This is a logbook entry from Minh Tran, a student in my Introduction to Quantitative Software Engineering Class. Logbook entries, for readers who have not been in my classes, are reflections on software engineering topics done on a weekly basis as part of the course requirements. I feel that maintaining a logbook is an important mechanism for learning over your professional career and want to get my students in the habit of maintianing one. Minh was responding to an entry I provided in class that suggested that one sure way of getting develolpers into a debate is to ask what their favorite programming language is. We discussed reasons why developers felt that way which included issues of support, relative performance, first language learned ... Minh expands this discussion to issues of Microsoft's support for languages and asks for some input from our readers. Later.
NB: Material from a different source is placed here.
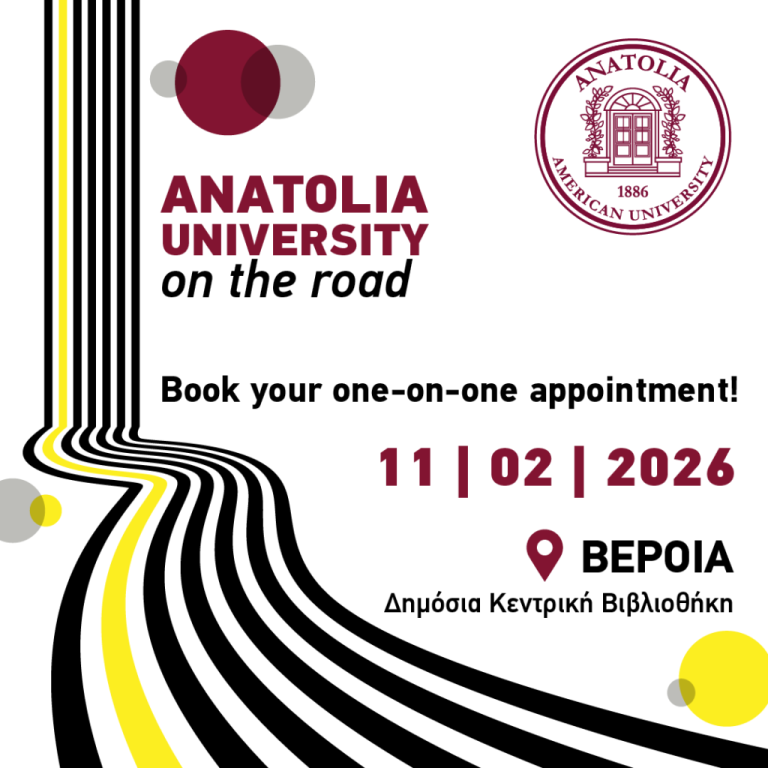 📍 Το Anatolia American University επισκέπτεται τη Βέροια και σας προσκαλεί να κλείσετε ένα 20λεπτο one-on-one meeting με εκπρόσωπο του Γραφείου Εισαγωγής Φοιτητών, ώστε να ενημερωθείτε εξατομικευμένα για τις προπτυχιακές σπουδές στη Θεσσαλονίκη.

Minh Tran's logbook entry:
In class 9, Professor gave us an entry about "Star (languages) Wars" : C++, JAVA. Fortunately, I had an
opportunity to work on JAVA, HTML, ASP, SQL on Microsoft, and C++, MQ Series, Oracle on UNIX/LINUX for the last couple of years. Currently, I work on new projects that use Visual C++6, and Access for database. 80% of coding is done and being unit tested. The software release date is near. As I know of, Microsoft stopped supporting Visual C++ and has a new tool Visual.Net using XML & ADO.Net for data access. Few weeks ago, one of the projects' leaders mentioned about the new tool to me, he wanted to migrate standard C++ to .Net. I did not know what to tell him, because I have no knowledge about .Net, neither the team.
Should we stay with Visual C++, or use the new tool .Net or JAVA ?
Your inputs are greatly appreciated.